Etlik Şehir Hastanesi’nin bir karşılama hastanesi olduğunu ve depremin olduğu hafta başta olmak üzere çok yoğun bir başvuru olduğunu ve gelen depremzedelerin büyük bir kısmının da cerrahi işlem gereken yatan hasta grubu olduğunu belirten Örsel, “Ayaktan gelenlere poliklinikte daha çok psikolojik ilkyardım dediğimiz yaşadıkları yoğun kaygı belirtileri ile ilişkili olarak müdahaleleri içeriyordu. Yatan hasta grubuna da hastanemizde 40 kadar psikoloğumuz görev yapıyor. Genel olarak bu yöndeki daha yaşadıkları kaygı, sıkıntı kayıplarıyla ilgili yaşadıkları travma, depremde özellikle göçük altında kalma ya da buradan çıkarılma sırasında yaşadıkları konularda yardımcı olmaya çalışıyoruz. Çalışmamızın ikinci ayağını da bu gruba hizmet veren sağlık personeline yönelik planladık. İlk bir hafta özellikle sağlık personelimiz de her ne kadar deprem ülkesi olarak yaşıyor olsak da Van Depremi ve Gölcük Depremi derinden olan alışık bir deneyimimiz olsa da bu ölçekte bir hizmet üretme kapasitemizi zaman içerisinde oluşturuyoruz. Sağlık personelimize de nasıl yaklaşacakları, bu kişilerle nasıl iletişim kuracakları üzerine çalıştık. İkinci olarak tabii buraya maruz kalmak, bu görüntülere, bu acılara tanıklık etmek de çok kolay değil. Bu konuda onların nasıl bu süreci idare edebilecekleri, nasıl baş edebilecekleri üzerine çalışıyoruz” ifadelerini kullandı.
“Toplumsal bütünleşmenin, bu kişilerdeki belirtilerin kalıcı olmaması için aylarca sürdürülebilir olması gerekiyor”

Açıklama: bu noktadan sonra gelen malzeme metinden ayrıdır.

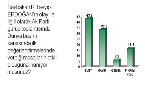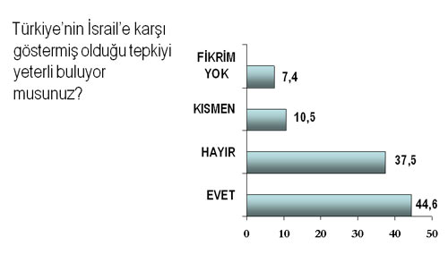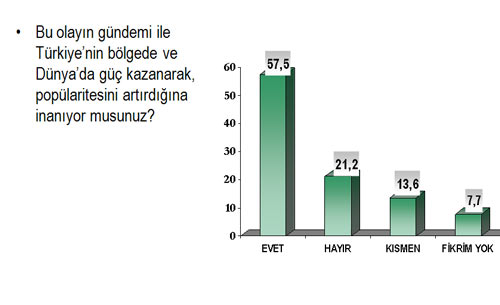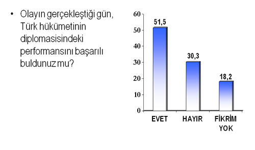 Araştırmaya göre Türk halkı, İsrail’e gösterilen tepkinin yeterli olmadığı düşüncesinde değil ama, Başbakan Erdoğan ve Dışişleri Bakanı Ahmet Davutoğlu'nun yurtdışı seyahatlerinde olmalarına rağmen, hızlı bir diplomasi süreci izleyerek, olayın aydınlanması ve İsrail’e yönelik uluslararası düzeyde bir takım yaptırımların uygulanması adına başarılı bir süreç yönetildiğini de düşünüyorlar.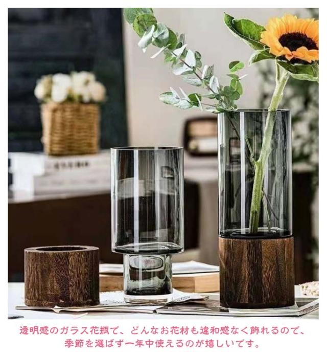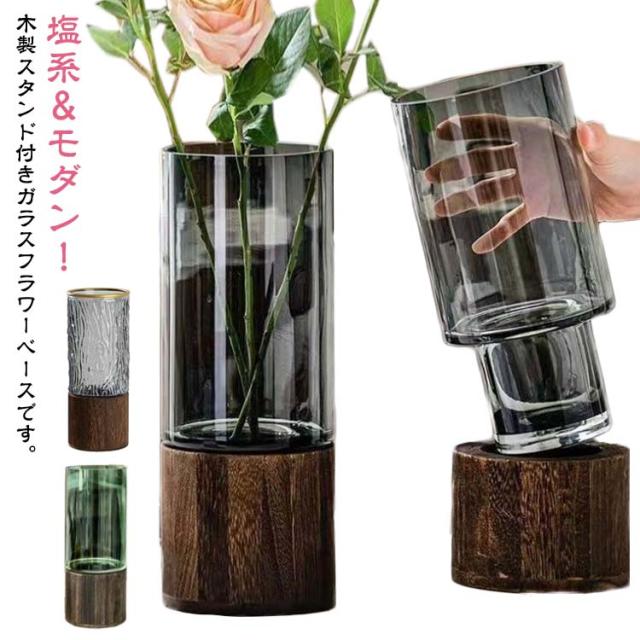 花瓶 おしゃれ ガラス 木製スタンド 付き フラワーベース 北欧 花器 透明 花びん シンプル 可愛い かわいい レトロ 円柱 円形 生花 生け花 フラワースタンド

Bölgede ve diğer illerde depremzedelerin ihtiyaçlarının karşılanabilmesi ve normale dönülmesi adına yapılan toplumsal bütünleşmenin kısa süreli değil uzun zamana bölünerek yapılması gerektiğini eğer öyle yapılmazsa normalleşme sürecini olumsuz etkileneceğini vurgulayan Sibel Örsel, “İlk günden beri gördüğüm herkes bir şey yapmaya çalışıyor. Çok büyük bir acı var ve hepimiz elimizden ne gelirse yapmaya çalışıyoruz. Bu acıya nasıl ortak olabiliriz. Bu acıların yaralarını nasıl sorabiliriz temennisiyle. Bu toplumsal bütünleşmenin, özellikle bu süreçteki yardım çabalarının sürdürülebilir olması gerekiyor. Belki ilk şoku atlattık. Travma ve sonrası değerlendirmelerimiz de ilk 1 ay bizim için kritiktir. İlk 1 ayda ne kadar toparlanılabildiği, mevcut yaşadıklarıyla nasıl baş edebildiği, günlük yaşamına rutinlerine dönüp dönmediği üzerine bir değerlendirme yaparız. Bu gördüğüm toplumsal bütünleşmenin, bu kişilerdeki belirtilerin kalıcı olmaması, sonrasında yaşama uyum sağlayabilmeleri ve devam edebilmeleri için önümüzdeki günlerde de sürdürülebilir olması, hatta aylarda da sürdürülebilir olması gerekiyor. Orada önemli olan kişilere bu kayıpların üstesinden gelebileceği, gelecekle ilgili kaygılarının yardımcı olunacağı ve toplumsal olarak bu süreçte onların hak ettikleri hizmetlerin, yardımların, yaklaşımların uygulanacağı ile ilgili çalışmaların sürmesi. Bunu kendileri gördükçe ve biz bu süreci eğer bu şekilde sürdürülebilir olarak devam edebilirsek, onların da önemli ölçüde bu süreci anlatmalarını umut ediyorum. Bunun için elbirliğiyle çalışacağız diye düşünüyorum” değerlendirmesini yaptı.